If you’re a low-code/no-code SAS user, many methods are available for performing table lookups. In this post, I’ll use a variety of tables to demonstrate four table lookup methods available in SAS Studio Flows.
Scenario
Through this post, I’ll be using one main table and seven different lookup tables. Observe the table relationships below:
Select any image to see a larger version. Mobile users: To view the images, select the "Full" version at the bottom of the page.
The main table, CUSTOMER, contains a list of all customers and their demographics (totaling 100,004 rows).
Three of the lookup tables (TRANSACTION, MERCHANT, and BANK) store purchase related information. I’ll perform table lookups to enhance the customer transaction records with information like where the transaction occurred and which bank approved the transaction.
The remaining four lookup tables (STATEPOPULATION, DIVISIONCODE, REGIONCODE, and STATECODE) store geographic information. The set of US population data uses abbreviations and codes to refer to the state, region, and division in each row. I’ll perform table lookups to replace these codes with descriptive labels.
Both result sets will be used to perform a final lookup with the customer data.
Lookup Custom Step
First, I’ll simply add the bank name to each transaction based on the listed bank ID number.
The Lookup custom step is perfect for this task, because it is easy to configure and returns one column from the lookup table. This step only requires you to select the columns to keep from the main table, the lookup key columns, and the return column from the lookup table. When submitted, this step will use hash objects to perform the lookup. However, note that custom steps are created and maintained by SAS users and are not available out-of-the-box.
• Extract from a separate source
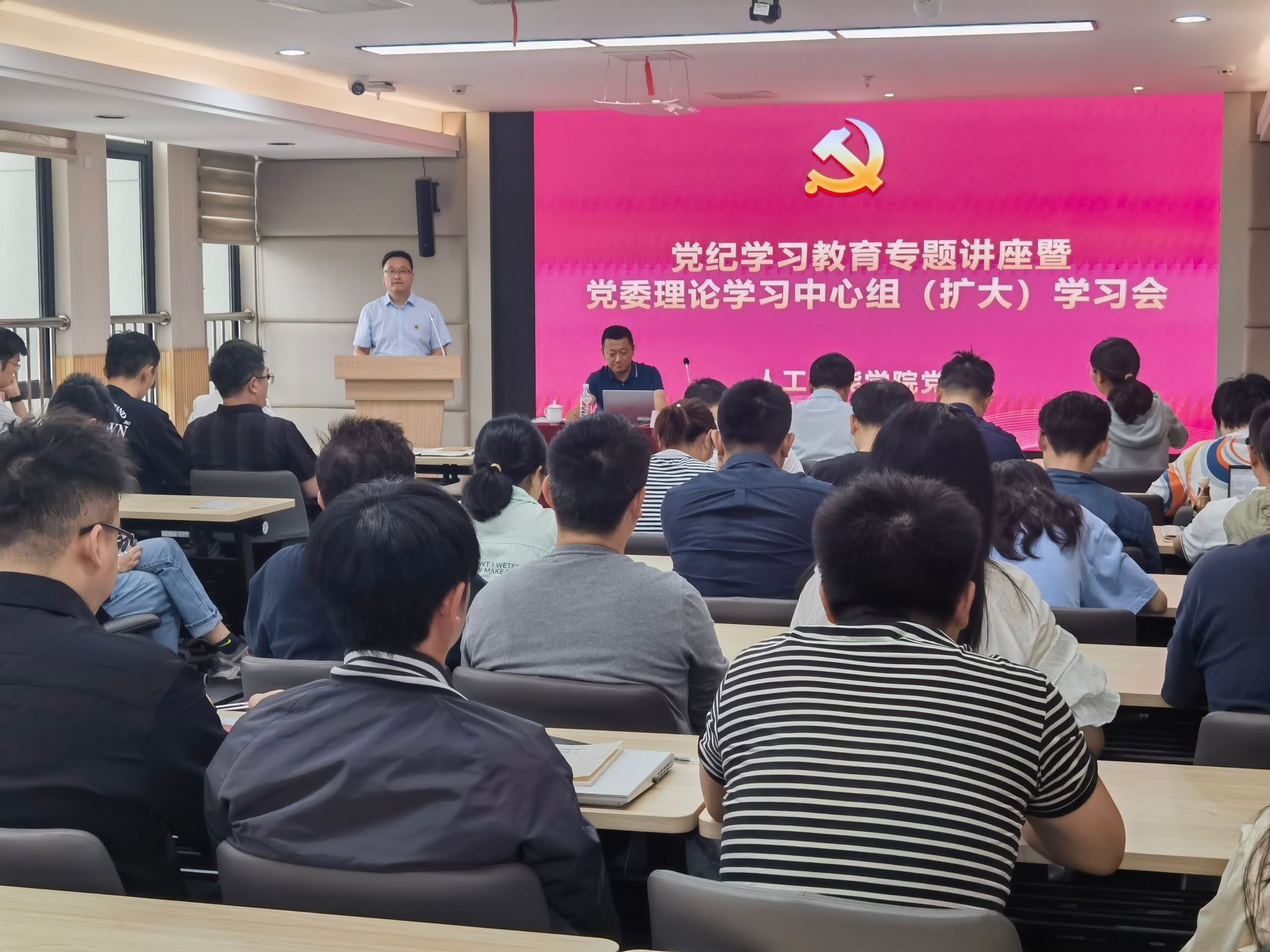 5月10日下午,根据学院党纪学习教育工作安排,学院党委在801会议室开展党委理论学习中心组(扩大)学习会。学院党委书记夏俊主持会议,学院党委理论学习中心组成员、全体教师党员、学生党员代表参加学习。

Visit the custom step's README documentation for a full description of step capabilities, and click here to learn how to use custom steps from the SAS Studio Custom Step GitHub Repository.
I’ll keep all columns from the main table, use BankID as the key column, and return the Name column.
The results show that the bank name was successfully added for each transaction with an associated BankID.
Query Step
Next, I’ll use the Query step to add merchant data to each transaction as well.
The Query step is multifaceted and can be used for tasks like sorting, deduplicating, and aggregating data. Another primary feature of this step is performing joins, which are another table lookup method. First, configure two or more input ports on the Query node. Then, you can specify join types and conditions on the Join tab. When submitted, this step will run a PROC SQL (or PROC FEDSQL) query. Visit the documentation for a full description of step capabilities.
I want to join the TRANSACTION_PARTIAL results with MERCHANT in a left join where MerchantID is the same in both tables. In addition, I’ve selected all columns from both tables for output (excluding duplicates).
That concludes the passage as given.